Bila menurut Arthur, dia bisa membuat Esme kehilangan ketenangan di depan semua orang dengan sedikit provokasi. Maka Esme bersumpah akan membalas pria itu dengan sesuatu yang lebih spektakuler. Senyuman manis secara natural tercipta.
“Apa Anda tersinggung, Mr. Arthur? Sejak awal saya sudah bilang pada semua pihak bahwa saya tidak setuju menjadi calon tunangan Anda apalagi menikah dengan Anda. Jadi, apa pun yang saya lakukan malam ini tidak ada kaitannya dengan Anda. Situasi yang Anda buat sendiri ini seakan Anda menginginkan saya secara sepihak.”
“Begitukah menurutmu? Tapi buatku cepat atau lambat kau sendiri yang akan merangkak padaku. Pikirkan saja posisimu saat ini, Esme.” Kata-kata yang keluar dari mulut Arthur penuh dengan penekanan dan keyakinan. Esme sedikit merinding dibuatnya. Namun bukan Esme namanya bila dia ketakutan hanya karena sebatas kata-kata.
“Mr. Arthur yang terhormat, saya sudah memiliki kekasih.
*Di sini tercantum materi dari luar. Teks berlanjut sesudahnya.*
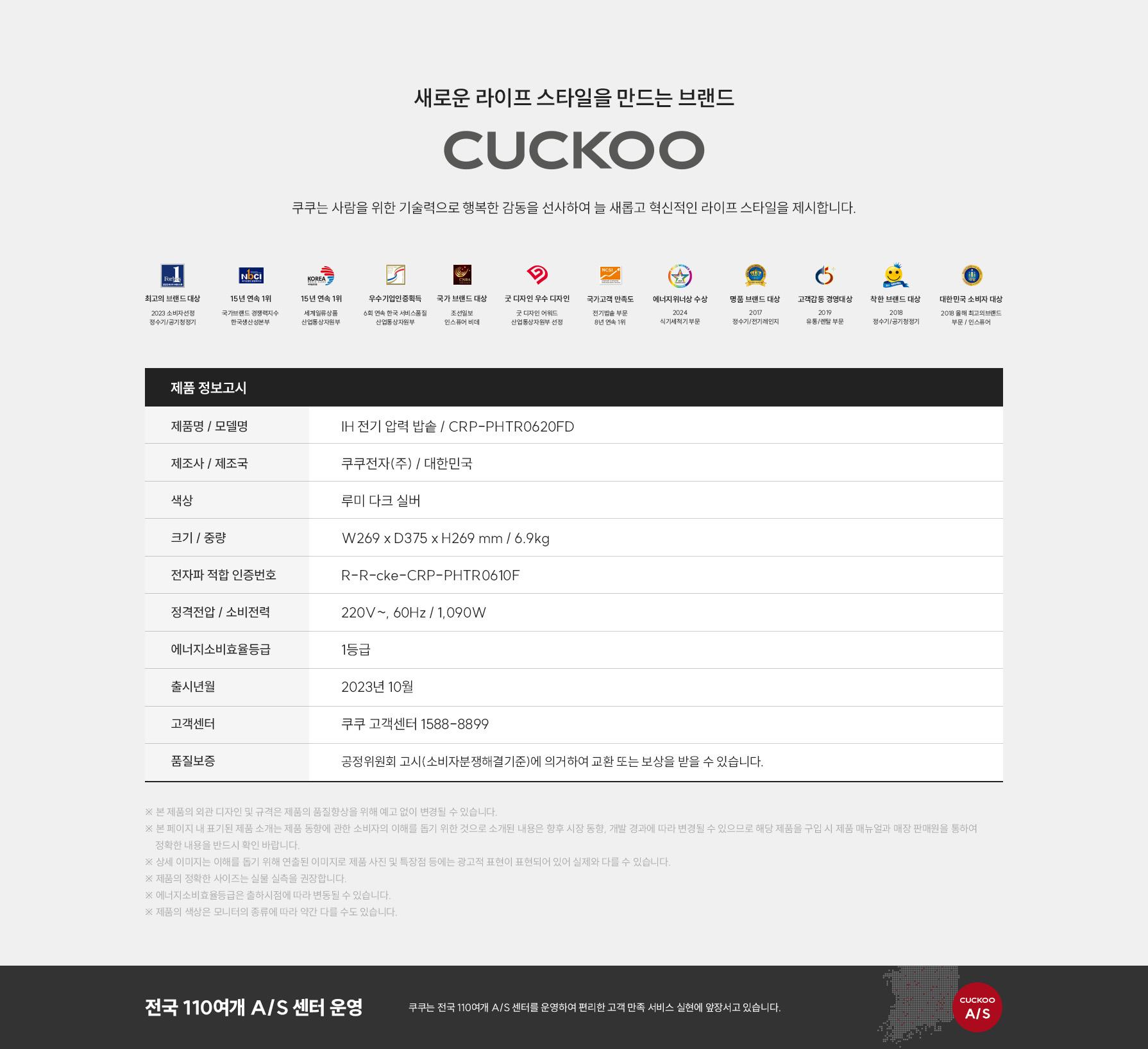 (특가판매)쿠쿠 미식 컬렉션 마스터셰프 사일런스 프로(6인용)
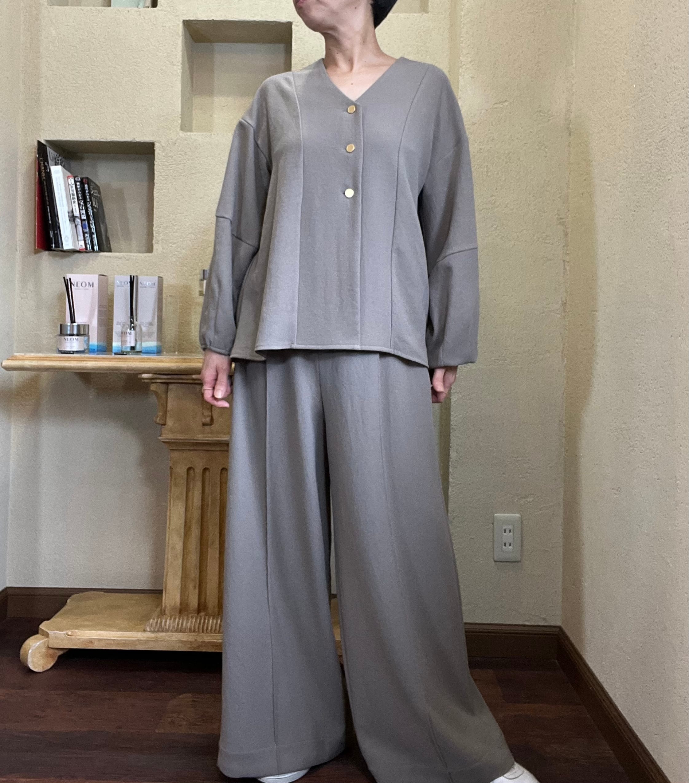 前開きフレアブラウスとセットアップで着て頂けるワイドブークレーパンツ

Apakah Anda sudah seputus asa itu hingga mengancam saya di muka umum seperti ini?” sahut Esme seraya menggenggam tangan Jhon semakin erat. Arthur baru saja memberinya sebuah ancaman, itu artinya Esme akan memberikan dia konfrontasi balasan.
Arthur mengalihkan perhatiannya pada Jhon yang tidak angkat bicara sama sekali. Lelaki itu seolah sedang mencoba menilai Jhon yang diakui oleh Esme sebagai kekasihnya. “Jadi pria seperti ini yang menarik perhatiamu?” ungkap Arthur terang-terangan seolah Jhon begitu rendah dimatanya.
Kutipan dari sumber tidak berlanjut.